[EXERCISE AIM]
Transcribe each of the records below exactly, excluding all pictures.

Data records

★ ★ ★ ★ ★ ★ ★

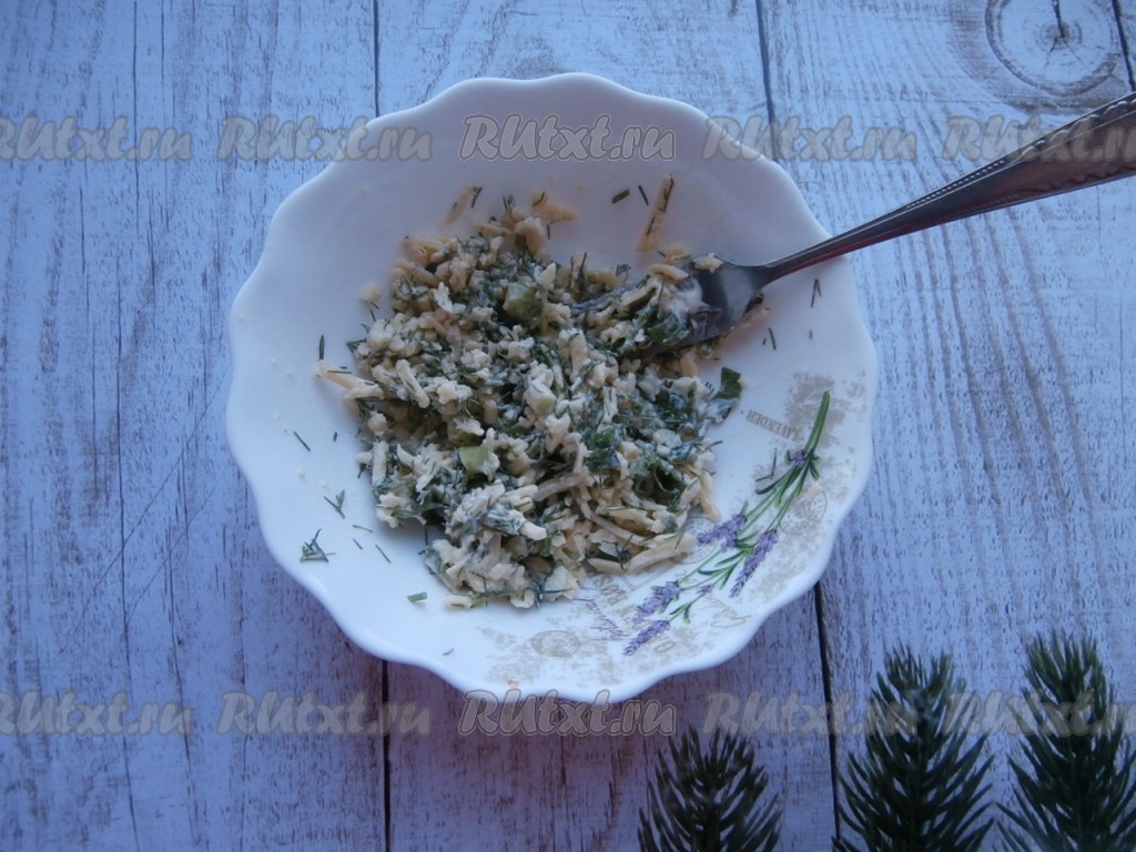 Хорошо перемешать сырную массу и начинка для наших куриных зраз готова.
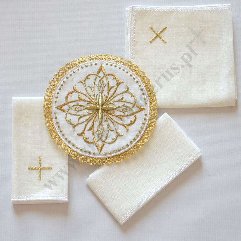 Bielizna kielichowa wykonana z wysokiej jakości tkaniny lnianej, zdobiona haftem z motywem eucharystycznym wykonanym złotymi nićmi. Komplet składa się z czterech części: palki, korporału, puryfikaterza i ręczniczka.
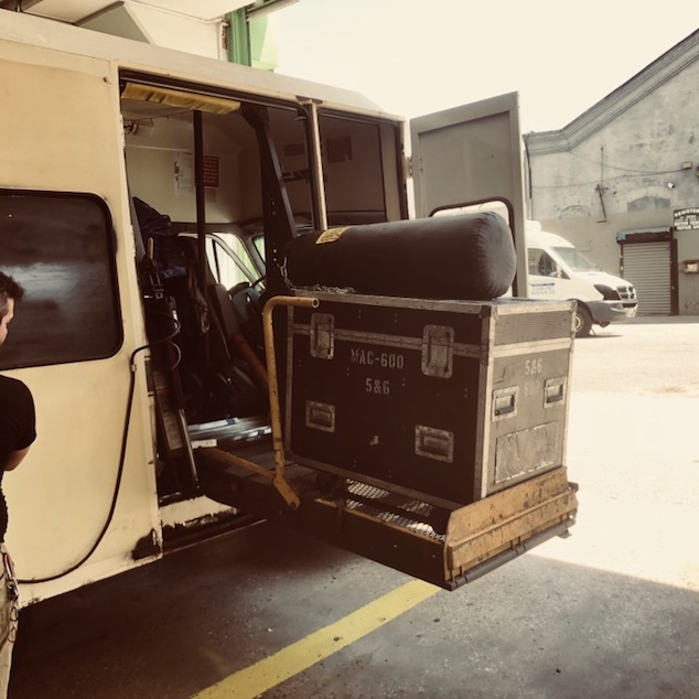 luckily max and becky have an old van with a handicap lift.. just the thing when you’re lifting a 200 pound case with theatric lights
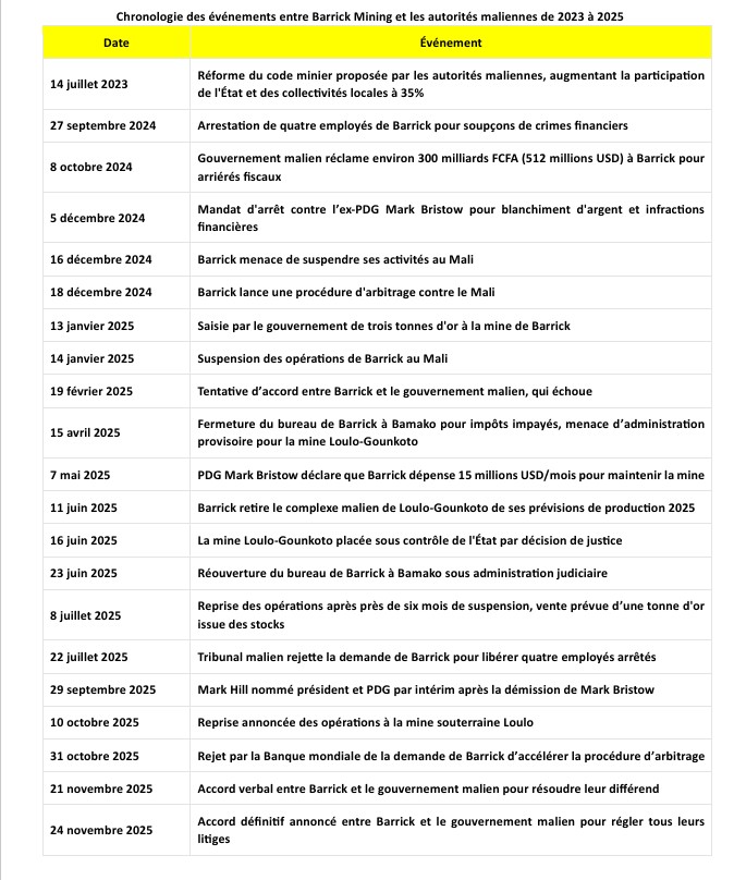 En rappel, le 31 octobre 2025, l’organe d’arbitrage de la Banque mondiale a rejeté la demande de Barrick d’accélérer la procédure d’arbitrage international contre le Mali
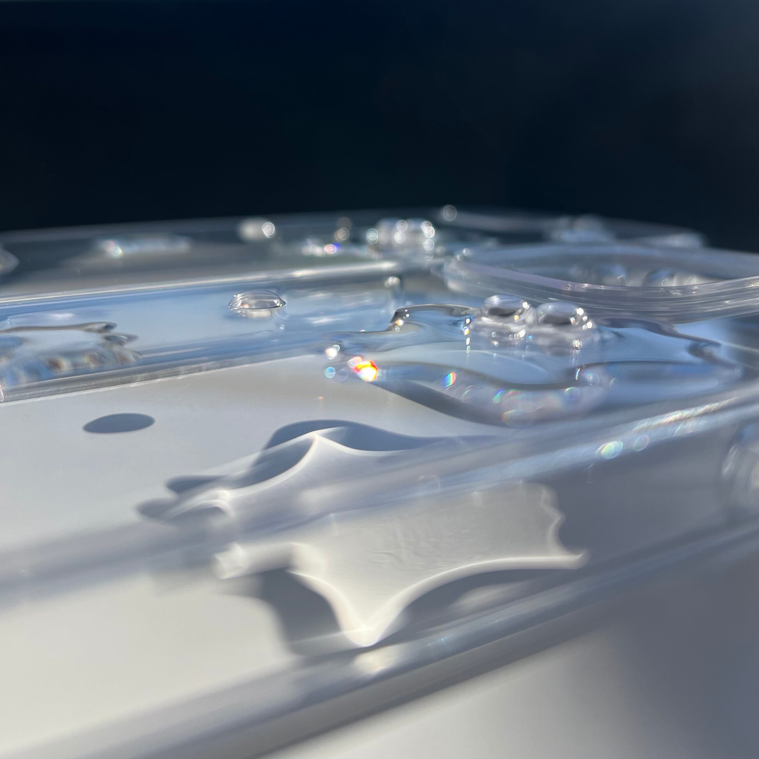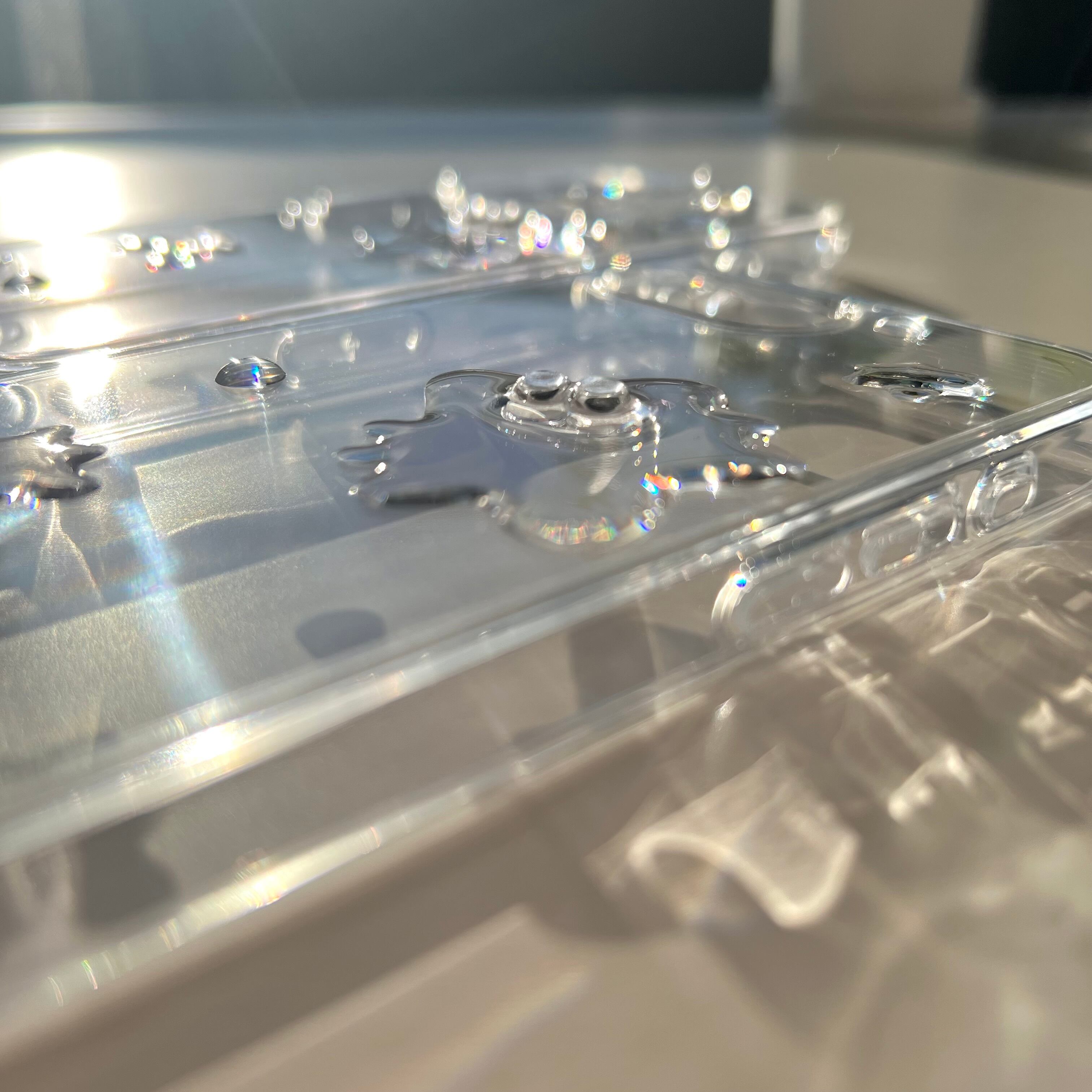 水滴デザインとおめめモチーフが可愛い、大人女子向けの透明クリアスマホケース。

★ ★ ★ ★ ★ ★ ★

[SOLUTION TO THE PROBLEM]
 Хорошо перемешать сырную массу и начинка для наших куриных зраз готова.
 Bielizna kielichowa wykonana z wysokiej jakości tkaniny lnianej, zdobiona haftem z motywem eucharystycznym wykonanym złotymi nićmi. Komplet składa się z czterech części: palki, korporału, puryfikaterza i ręczniczka.
 luckily max and becky have an old van with a handicap lift.. just the thing when you’re lifting a 200 pound case with theatric lights
 En rappel, le 31 octobre 2025, l’organe d’arbitrage de la Banque mondiale a rejeté la demande de Barrick d’accélérer la procédure d’arbitrage international contre le Mali
 水滴デザインとおめめモチーフが可愛い、大人女子向けの透明クリアスマホケース。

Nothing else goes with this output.